Her name is MARGARET, and she is here to WASH your vagina! Well, actually, she isn't; "Gwen" has got that covered. But Margaret Cho is here to fire off completely unexpected lines like that, to bellow them out, to belly-laugh them, to naughtily gift-wrap them, to reprise them in different voices, to make sure you never forget them. Same with, "I wasn't like any Korean role-model that they"—read: anyone—"had ever seen. I mean, I didn't play violin. I didn't fuck Woody Allen." Or, "Fag hags are the backbone of the gay community! We led you through the Underground Railroad! We went to the prom with you!" Or her priceless answering-machine messages from her mother, or her in-store conversations with same ("Oh, Mommy wasn't ready for that!!"). One of my absolute favorite bits is her gendered comparison between last-call behavior at bars. I'm paraphrasing (why don't I own this movie??), but basically it goes, "When you go out with your girlfriends, and one of them meets somebody, women are all, 'Oh my GOD, I feel so BAD, I can't leave with YOU, I'm here with my FRIEND!' Gay men, however, will LEAVE YOU. They're like, 'You can take a bus! You can take a cab! You a big girl, you go, girl! No, I said YOU. GO.' At last call, the only people in a gay bar are women."

Another of the funniest bits, though heartbreaking in context, is "I - was so - hungry! I was starving!!" Margaret lets fly with that curveball at the point in her live, one-woman show when she has stopped (well, mostly stopped) explicitly catering to her hometown and way-gay San Francisco audience and is chronicling her own short, unhappy life as a corporate-fabricated Asian-American poster child in the mid-1990s. Cast in an "Asian family" sitcom whose cast of characters were all, to anyone paying attention, of completely different Asian ethnicities. Coercively shadowed by an "Asian advisor" who would dog her around the set and teach her to be "more" Asian. ("Here, use these chopsticks!" Cho ventriloquizes in wicked but pained memory, "and then, you can put them in your hair!") All the while, Cho was fighting dietary dictates from the network and the eating disorders they inevitably provoked, as well as various addictions, sexual recklessness and eventual victimization, crushed expectations, vicious "fanmail," industry racism, and everything else under the Angelino sun. As she tells the story, with no matter how much foul-mouthed and knee-slapping wit, you can see that she's beating back every ghost in the book. Maybe this time, she'll win.

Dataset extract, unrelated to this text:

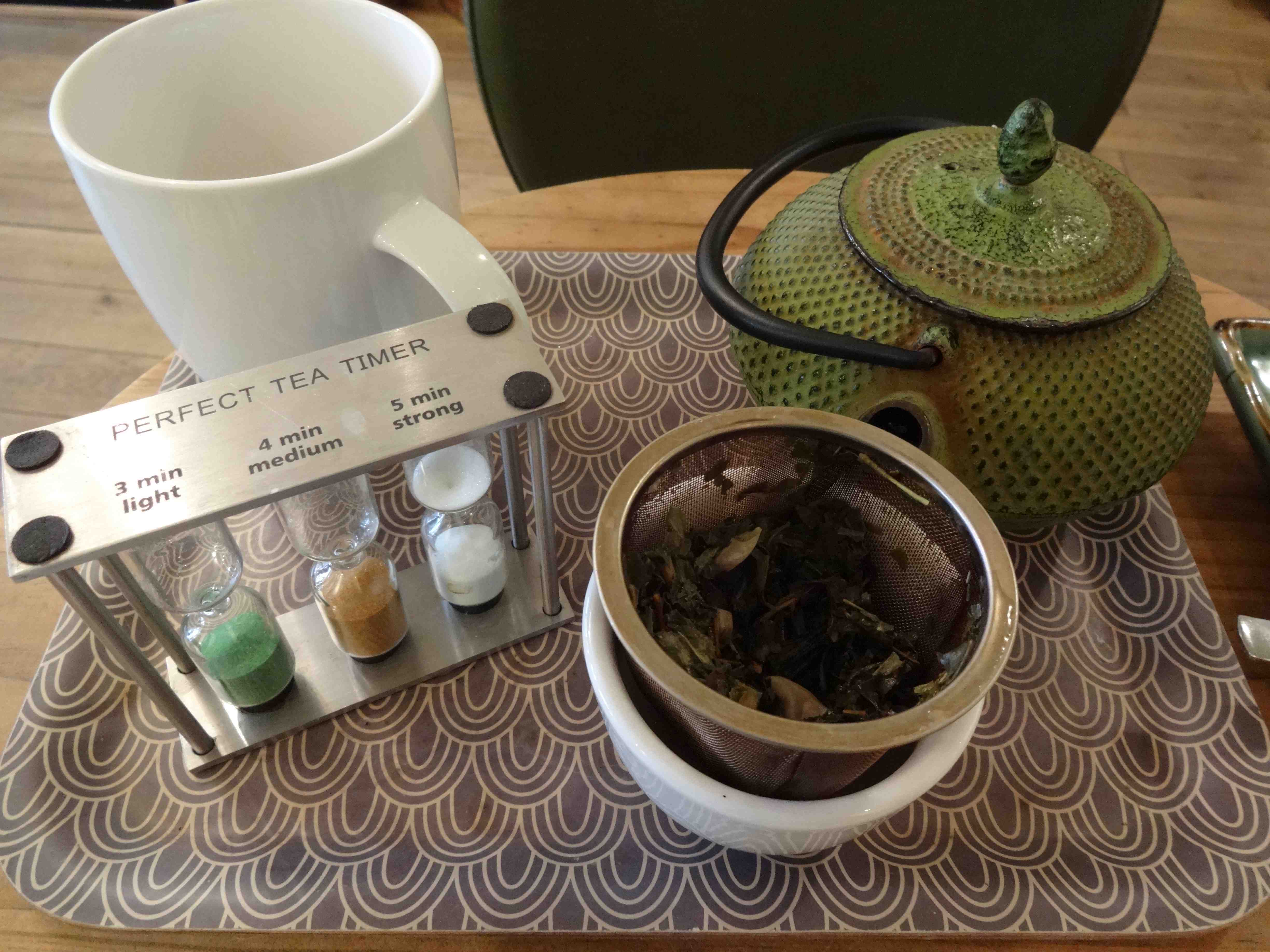 J’ai apprécié le petit plateau avec une tasse, une théière, un support pour déposer mon infuseur et surtout le sablier. Un sablier qui vous permet de choisir si vous voulez votre thé, léger, normal ou fort. C’est une très bonne idée. Quelque chose qui fait pro. que l’on ne retrouve pas chez Laduré par exemple.

I'm the One That I Want, richer, more personal, and a good deal funnier than Cho's follow-up concert docs, is like "Rose's Turn" sung out by Richard Pryor. Except, you know, "more Asian." The structural arrangement of her show, testifying to her struggles against sexist and racist G-forces by playfully stoking her largely white male audience's presumed familiarity with homophobia, comprises a thesis in itself about the dialogic possibilities between different cadres of American outcasts. Cho raises all kinds of questions in her routine, and consciously or not, the routine raises questions of its own. What is it, after all, about gay male fandom and train-wrecked female celebrities? What are the stakes of such brazen self-stereotyping as Cho's personally patented pidgin-Korean? And what do you do with a comic who's willing and able to say, "I went through this whole thing—am I gay? Am I straight? And then I realized—I'm just slutty. Where's my parade??" My answer so far: you watch her movie. A lot. And you think a lot about what you're watching, and why. And you laugh so much you almost vomit.